Task details ▸
Drop every picture. Then return, exactly, the lines from the beginning of the listing below through the one containing "工商资料显示,北京京东世纪贸易有限公司成立于2007年,法定代表人为刘强东。".

Information shown ▸
- - -

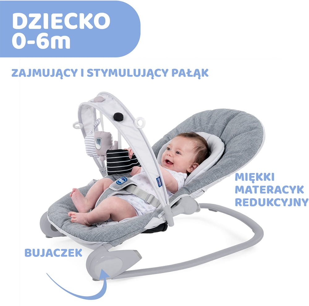 Leżaczek Chicco został dokładnie zaprojektowany, dzięki czemu każdy element współgra ze sobą, tworząc komfortową oraz bezpieczną przestrzeń dla maluszka. Specjalny pałąk z technologią Slide Line umożliwia przesuwanie zabawek wzdłuż pałąka, co pomaga w rozwoju sensorycznym, psychoruchowym i umiejętności poznawczych dziecka.
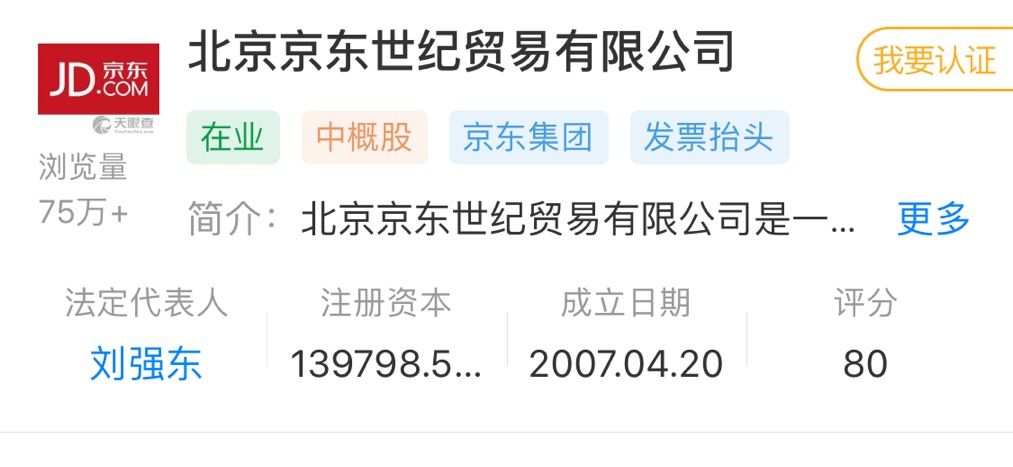 工商资料显示,北京京东世纪贸易有限公司成立于2007年,法定代表人为刘强东。
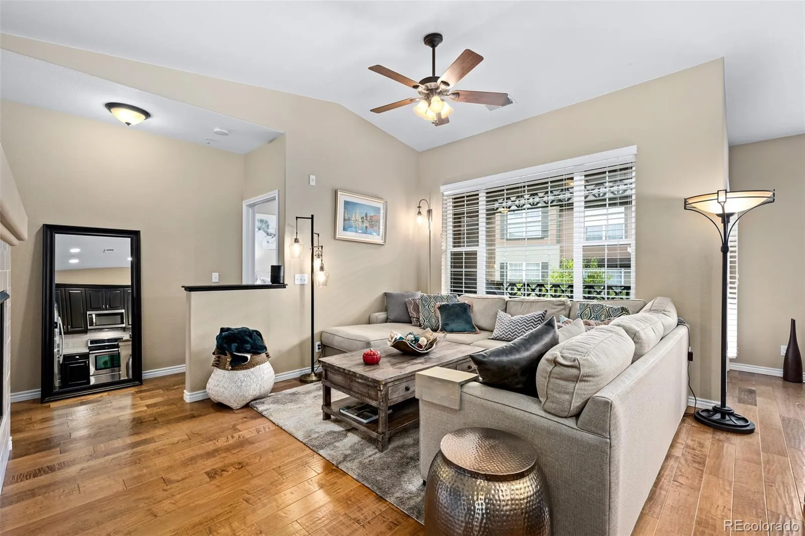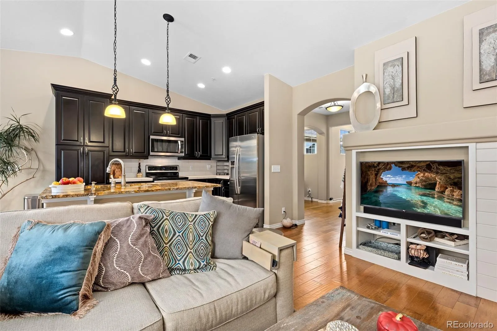 • Dramatic living room with vaulted ceilings, tiled fireplace, and oversized picture window

- - -

Solution for this exercise ▸
 Leżaczek Chicco został dokładnie zaprojektowany, dzięki czemu każdy element współgra ze sobą, tworząc komfortową oraz bezpieczną przestrzeń dla maluszka. Specjalny pałąk z technologią Slide Line umożliwia przesuwanie zabawek wzdłuż pałąka, co pomaga w rozwoju sensorycznym, psychoruchowym i umiejętności poznawczych dziecka.
 工商资料显示,北京京东世纪贸易有限公司成立于2007年,法定代表人为刘强东。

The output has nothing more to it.